▶ Problem description:
Write the data out again, character for character, with no images.

▶ Provided entries:
┄┄┄┄┄┄

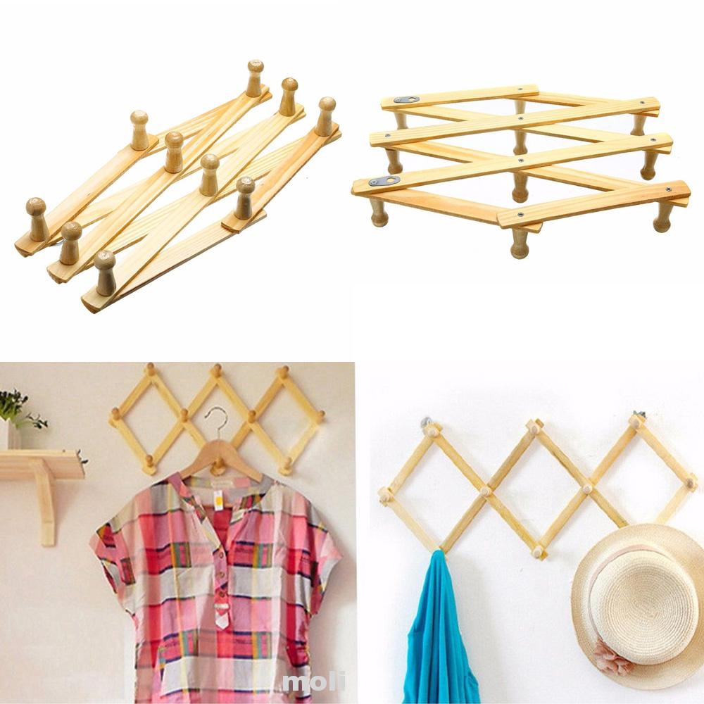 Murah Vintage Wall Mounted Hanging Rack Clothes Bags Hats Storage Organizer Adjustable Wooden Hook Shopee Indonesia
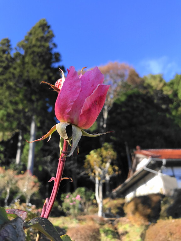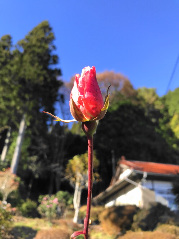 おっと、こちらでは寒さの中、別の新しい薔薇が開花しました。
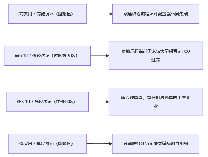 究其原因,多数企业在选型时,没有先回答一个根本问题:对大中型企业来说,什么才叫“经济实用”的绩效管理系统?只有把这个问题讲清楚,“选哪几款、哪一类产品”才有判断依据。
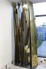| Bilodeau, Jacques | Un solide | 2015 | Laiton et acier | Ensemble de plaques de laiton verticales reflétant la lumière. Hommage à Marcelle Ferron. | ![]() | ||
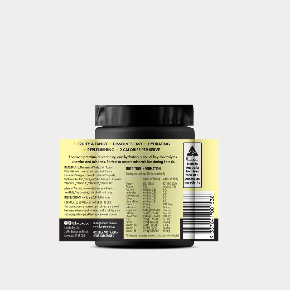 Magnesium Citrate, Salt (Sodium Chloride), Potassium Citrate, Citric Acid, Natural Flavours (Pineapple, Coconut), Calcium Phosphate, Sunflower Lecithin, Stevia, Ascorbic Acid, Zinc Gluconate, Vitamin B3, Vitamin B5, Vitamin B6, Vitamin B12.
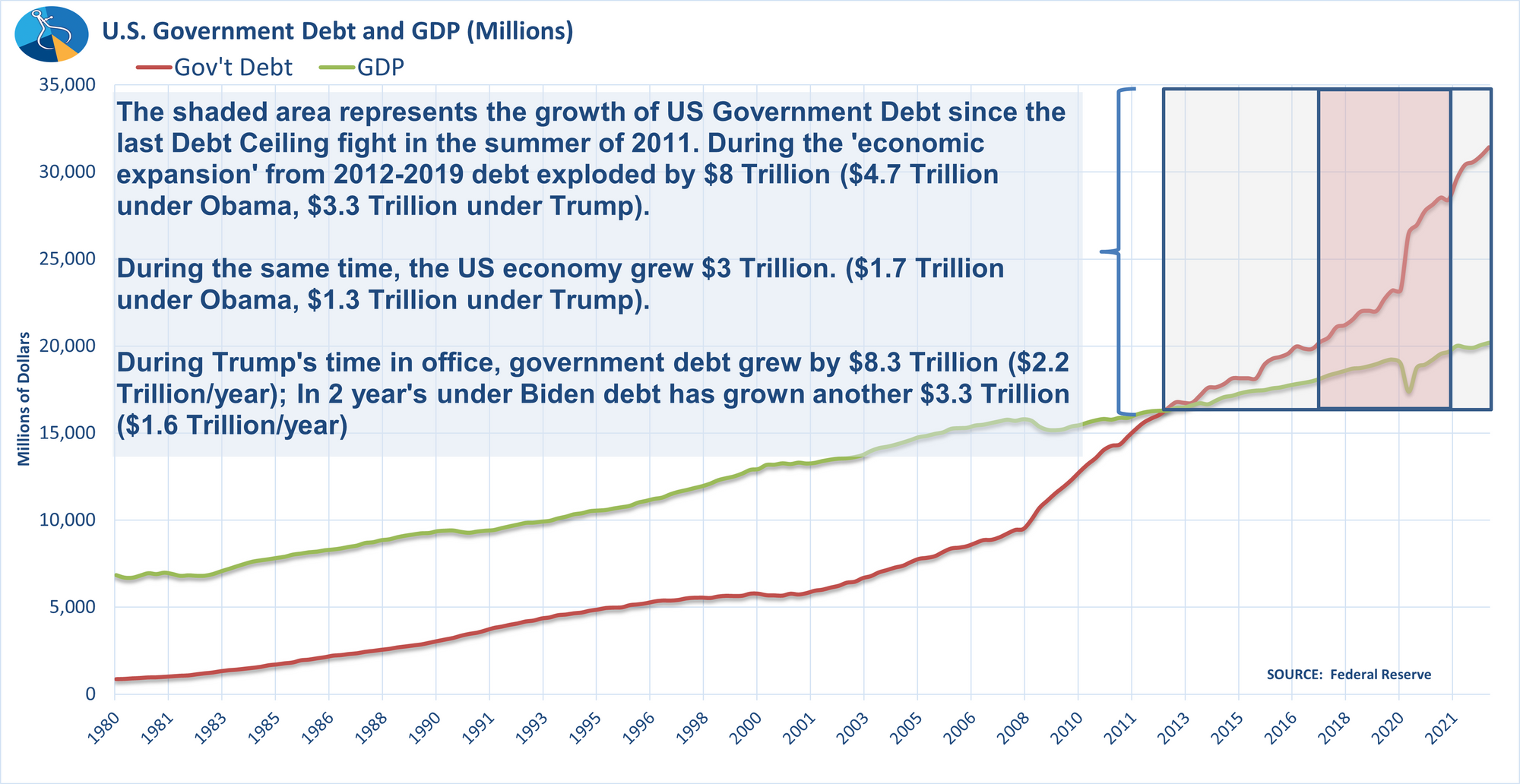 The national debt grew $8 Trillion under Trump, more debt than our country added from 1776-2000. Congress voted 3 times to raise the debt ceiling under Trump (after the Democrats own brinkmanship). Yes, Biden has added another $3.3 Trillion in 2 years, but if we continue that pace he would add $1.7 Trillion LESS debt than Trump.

┄┄┄┄┄┄

▶ Answer to this problem:
 Murah Vintage Wall Mounted Hanging Rack Clothes Bags Hats Storage Organizer Adjustable Wooden Hook Shopee Indonesia
 おっと、こちらでは寒さの中、別の新しい薔薇が開花しました。
 究其原因,多数企业在选型时,没有先回答一个根本问题:对大中型企业来说,什么才叫“经济实用”的绩效管理系统?只有把这个问题讲清楚,“选哪几款、哪一类产品”才有判断依据。
| Bilodeau, Jacques | Un solide | 2015 | Laiton et acier | Ensemble de plaques de laiton verticales reflétant la lumière. Hommage à Marcelle Ferron. | ![]() | ||
 Magnesium Citrate, Salt (Sodium Chloride), Potassium Citrate, Citric Acid, Natural Flavours (Pineapple, Coconut), Calcium Phosphate, Sunflower Lecithin, Stevia, Ascorbic Acid, Zinc Gluconate, Vitamin B3, Vitamin B5, Vitamin B6, Vitamin B12.
 The national debt grew $8 Trillion under Trump, more debt than our country added from 1776-2000. Congress voted 3 times to raise the debt ceiling under Trump (after the Democrats own brinkmanship). Yes, Biden has added another $3.3 Trillion in 2 years, but if we continue that pace he would add $1.7 Trillion LESS debt than Trump.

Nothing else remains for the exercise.